Directions: Look through the listing below for the line containing "The Toscana 5-drawer". Copy it and each line after it up to and including the line containing "Minimal Wedding Details", exactly, leaving out pictures.

Data listing:
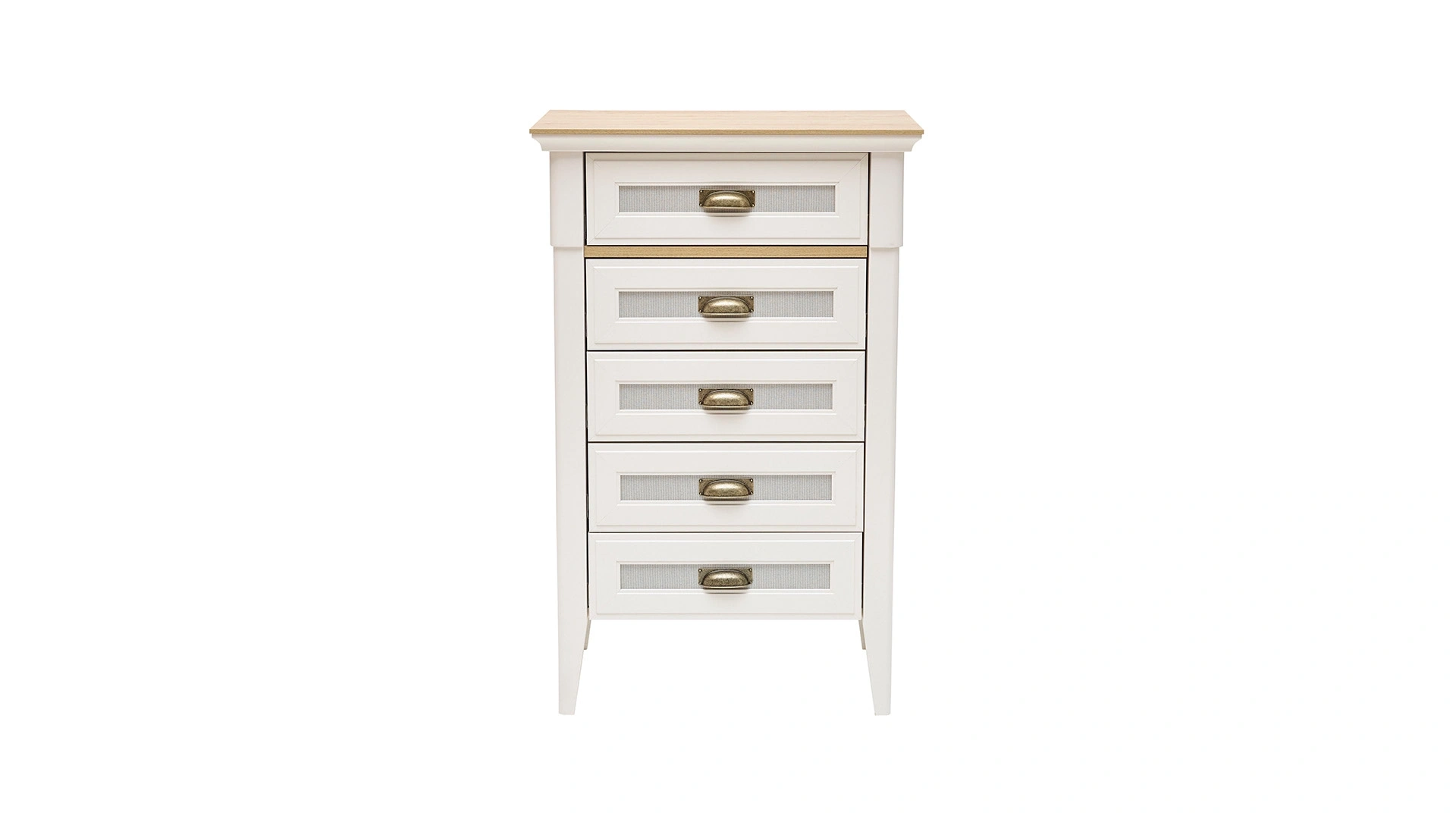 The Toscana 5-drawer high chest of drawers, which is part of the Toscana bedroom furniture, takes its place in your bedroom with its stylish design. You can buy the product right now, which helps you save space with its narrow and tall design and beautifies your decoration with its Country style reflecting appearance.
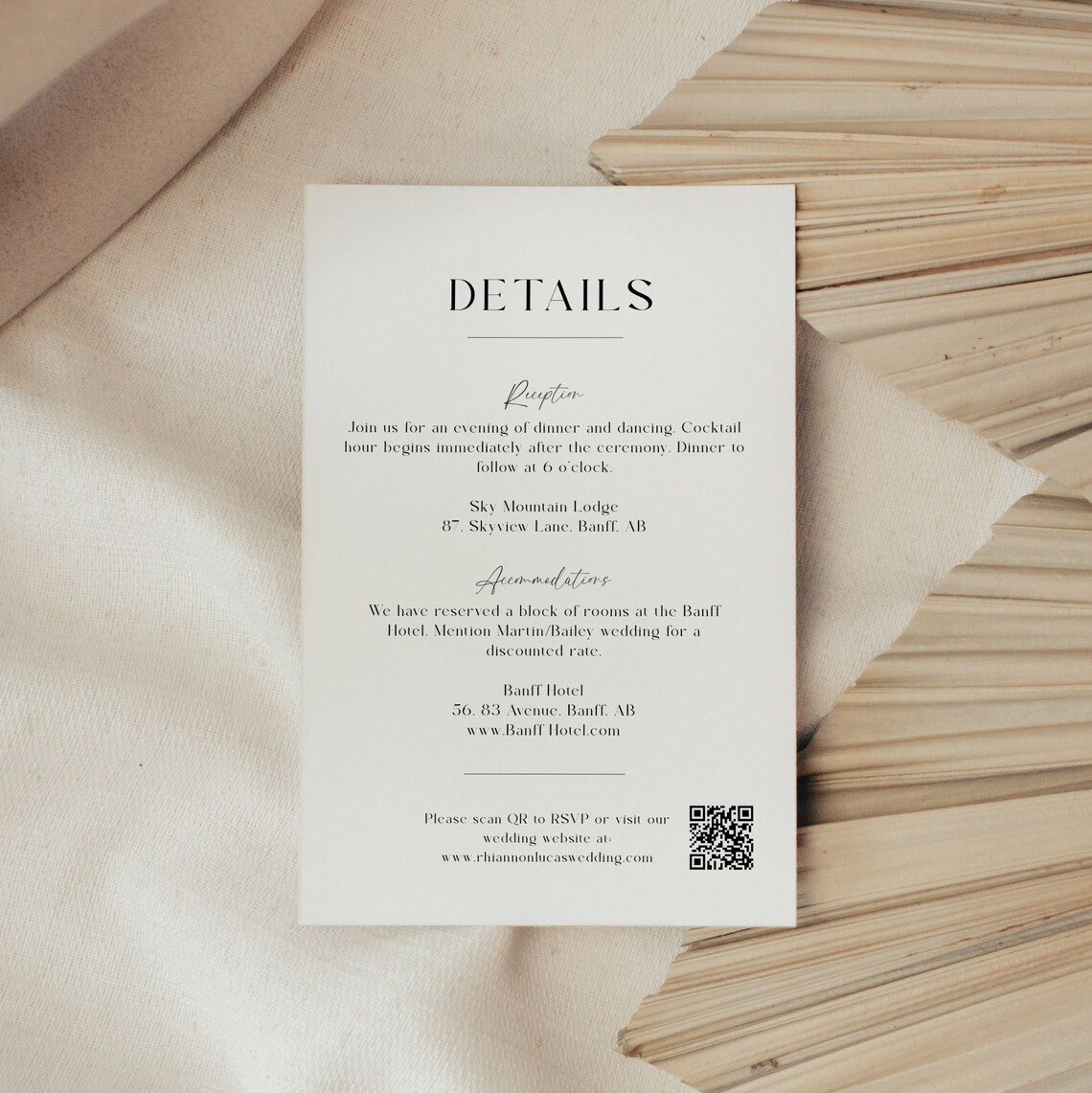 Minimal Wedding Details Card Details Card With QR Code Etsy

* * *

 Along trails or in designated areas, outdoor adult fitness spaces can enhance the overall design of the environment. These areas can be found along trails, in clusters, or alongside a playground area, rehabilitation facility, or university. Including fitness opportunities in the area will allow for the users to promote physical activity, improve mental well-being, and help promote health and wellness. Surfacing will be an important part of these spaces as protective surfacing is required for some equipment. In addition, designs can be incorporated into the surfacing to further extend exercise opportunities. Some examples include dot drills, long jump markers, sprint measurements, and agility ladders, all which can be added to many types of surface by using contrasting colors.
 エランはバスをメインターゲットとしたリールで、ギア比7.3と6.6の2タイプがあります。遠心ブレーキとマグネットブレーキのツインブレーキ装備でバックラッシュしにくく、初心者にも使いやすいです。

--

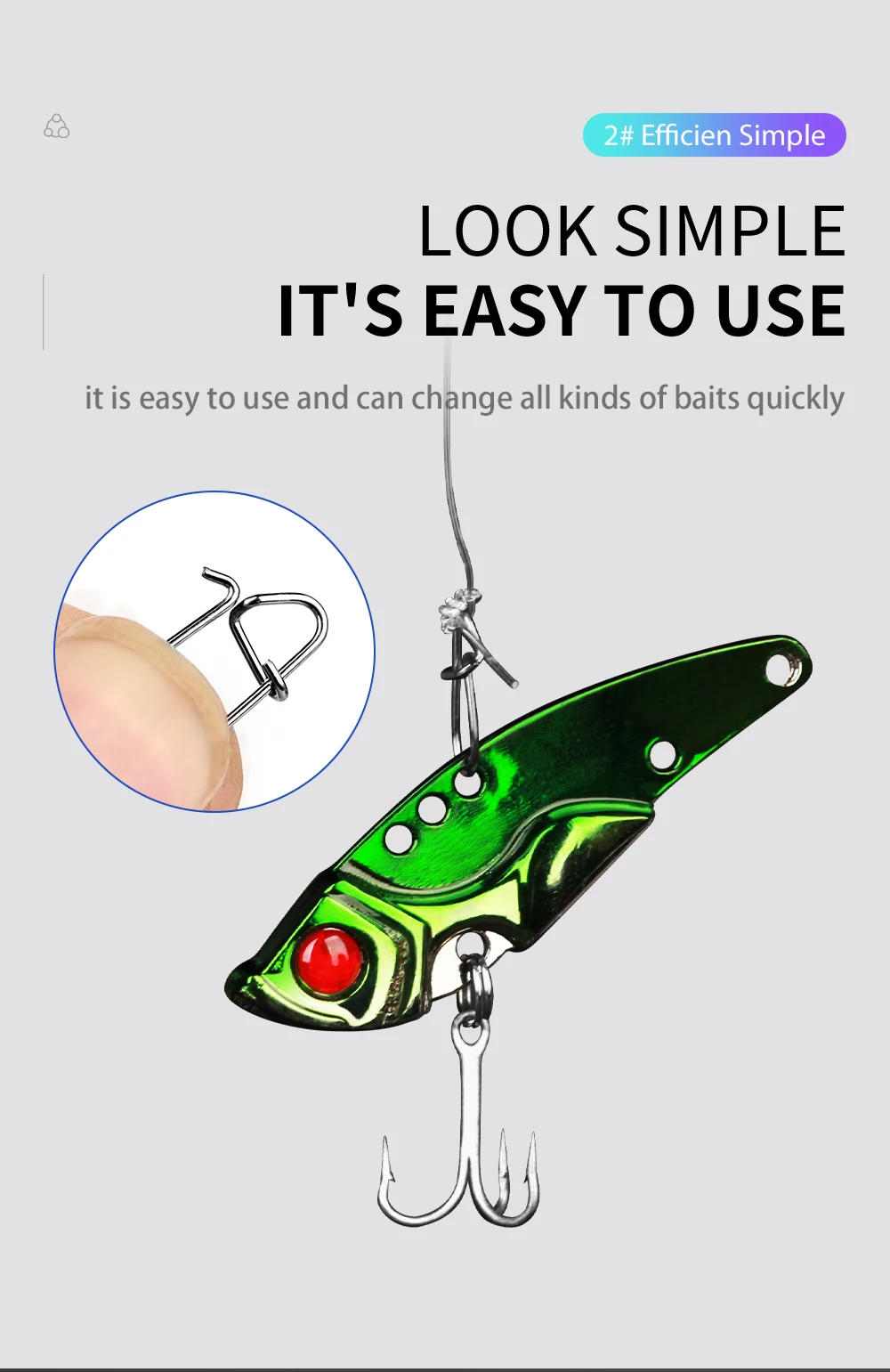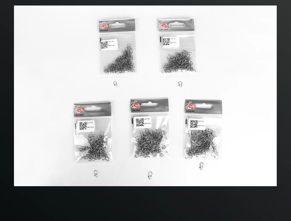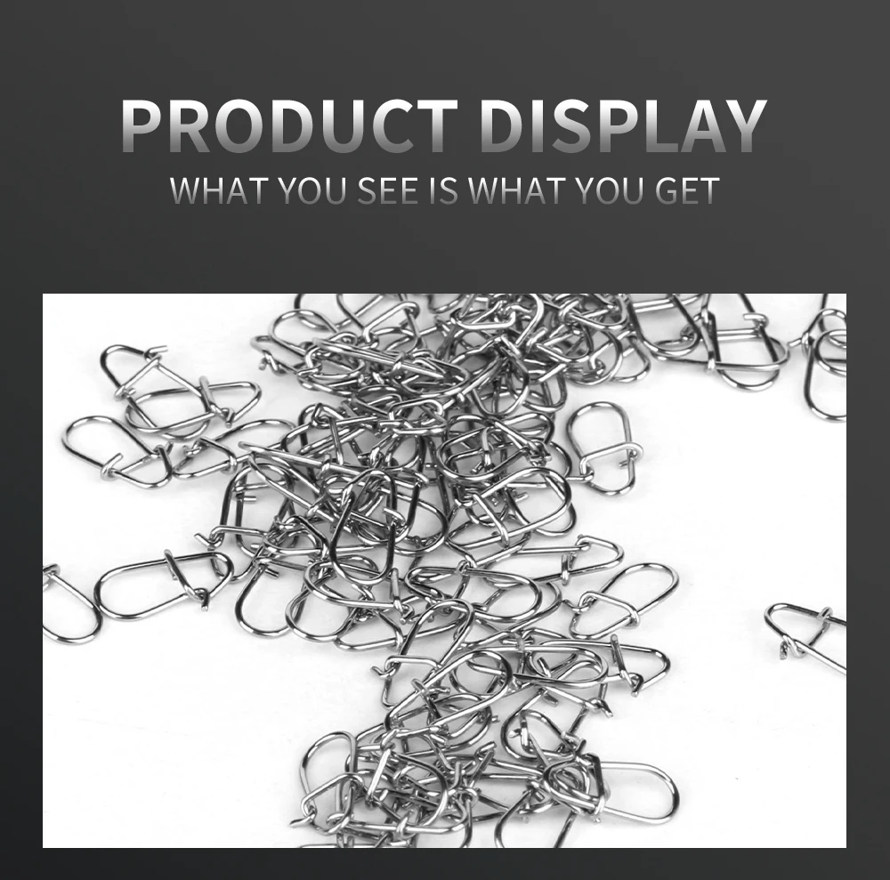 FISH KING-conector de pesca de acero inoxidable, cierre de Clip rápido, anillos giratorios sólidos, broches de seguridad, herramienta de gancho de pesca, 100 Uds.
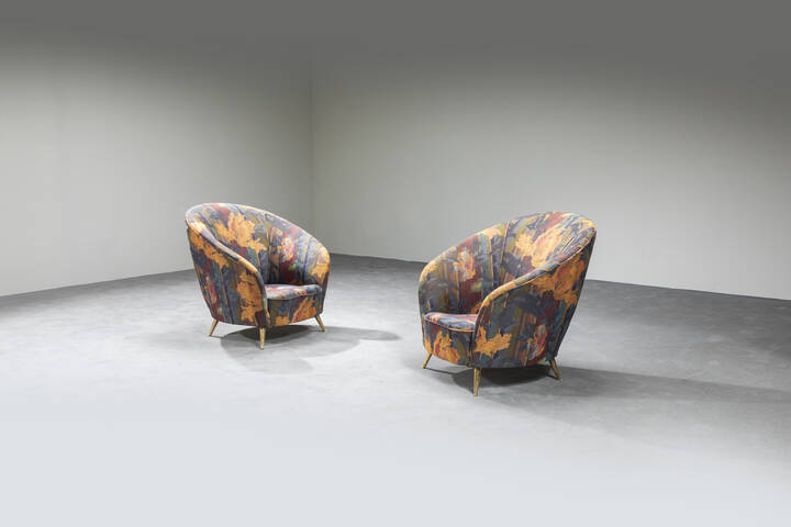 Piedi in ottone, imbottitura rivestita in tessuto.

Solution below:
 The Toscana 5-drawer high chest of drawers, which is part of the Toscana bedroom furniture, takes its place in your bedroom with its stylish design. You can buy the product right now, which helps you save space with its narrow and tall design and beautifies your decoration with its Country style reflecting appearance.
 Minimal Wedding Details Card Details Card With QR Code Etsy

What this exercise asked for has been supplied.